Da gibt es einen Unterschied, das kann man nicht leugnen. Wir sind in den Beziehungen zur NATO in einer umgekehrten Lage als in den Beziehungen zur EU: Die technische Arbeit ist von unserer Seite erledigt, was fehlt, ist die politische Entscheidung zur Aufnahme in den Membership Action Plan (MAP) und in der Folge zu einer Mitgliedschaft – die uns (beim NATO-Gipfel 2008, Anm.) in Bukarest versprochen wurde.
Wird das passieren in den nächsten zehn Jahren?
Realistisch gesehen kann das in zehn Jahren passieren – in einem Jahr, jederzeit. Wir müssen bereit sein, um unsere Chance zu ergreifen.
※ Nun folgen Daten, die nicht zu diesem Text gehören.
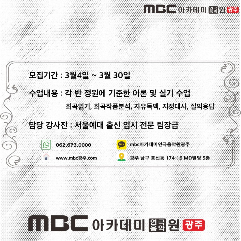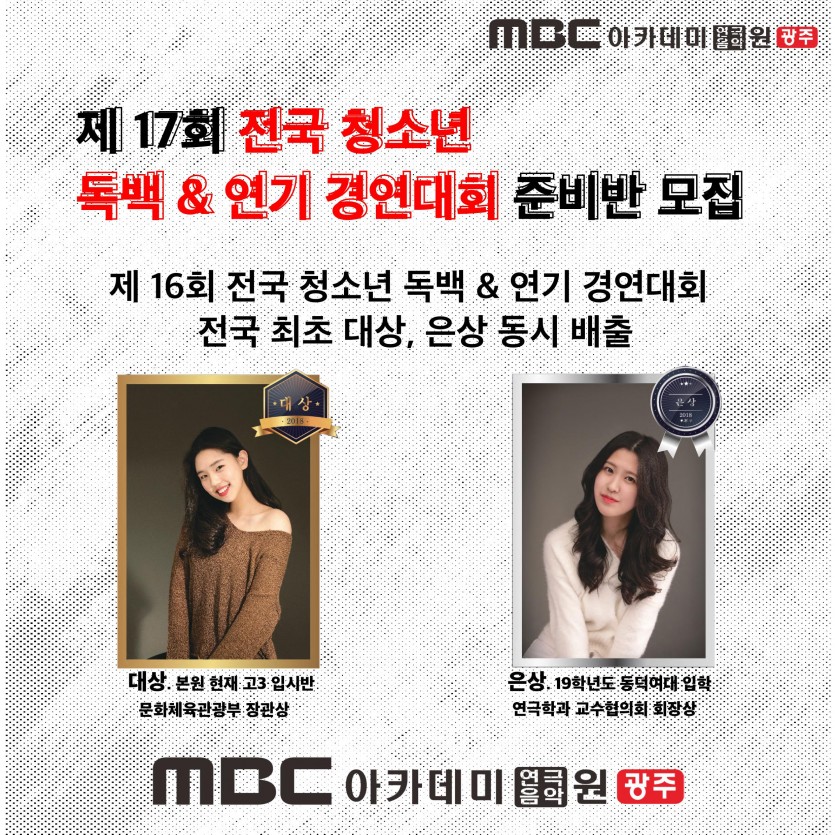 2019년 전국 청소년 독백&연기 경연대회 준비반 모집 페이지 정보 작성자 관리자 댓글 0건 조회 33,202회 작성일 19-03-08 17:28 본문 2019년 전국 청소년 독백&연기 경연대회 준비반 모집 목록 이전글 [연기센터-모델연기전공] 이석빈 학생 한림예고 편입학 합격 19.04.05 다음글 2020학년도 입시반 모집 19.03.03

Wir warten auf unsere Chance.
Da besteht aber die Frage der abtrünnigen Territorien Südossetien und Abchasien, die die NATO abschreckt – schließlich stehen da russische Truppen und sie werden von Russland anerkannt.
Für die Mitgliedschaft, ja. Für die Aufnahme in den Membership Action Plan sehe ich das nicht. Es gibt keine kollektive Sicherheit. Aber wenn Russland mit dem, was es in der Ukraine derzeit tut, durchkommt, wird es in der Ukraine nicht stoppen. NATO oder EU können nicht weiter so agieren, wie sie es heute tun – nur im Reaktionsmodus. Es gibt viele Optionen, und viele Entscheidungen müssen getroffen werden, hier in den Hauptstädten. Leider sind unsere Optionen in Tiflis limitiert. Wir haben unsere Wahl getroffen. Der NATO-Warschau-Gipfel (2016, Anm.) muss uns eine klare Antwort geben. Es ist der Moment gekommen, an dem wir nicht noch einmal vertröstet werden können.
Der Krieg in der Ukraine hat auf der anderen Seite ganz offensichtliche Schwächen der NATO sichtbar gemacht. Ist denn die NATO tatsächlich ein Sicherheitsfaktor oder vielleicht doch mehr ein Risiko?
Es kommt darauf an, woher man das betrachtet. Aus Moskauer Sicht sieht die NATO definitiv schwach aus. Aus der Sicht Tiflis tut sie das nicht. Sie ist heute weitaus resoluter, stärker, als sie es 2008 war, als wir im Krieg mit Russland waren. Aber wenn Moskau nicht überzeugt ist, dass die NATO-Prinzipien bestehen, was wird sie stoppen? Uns MAP zu geben würde die NATO stärken. Die NATO braucht uns derzeit mehr als politisches Signal an Russland, als wir die NATO.
Was würde es bedeuten, wenn MAP nicht passiert?
Es wäre nicht das Ende Georgiens, aber es wäre eine Tragödie.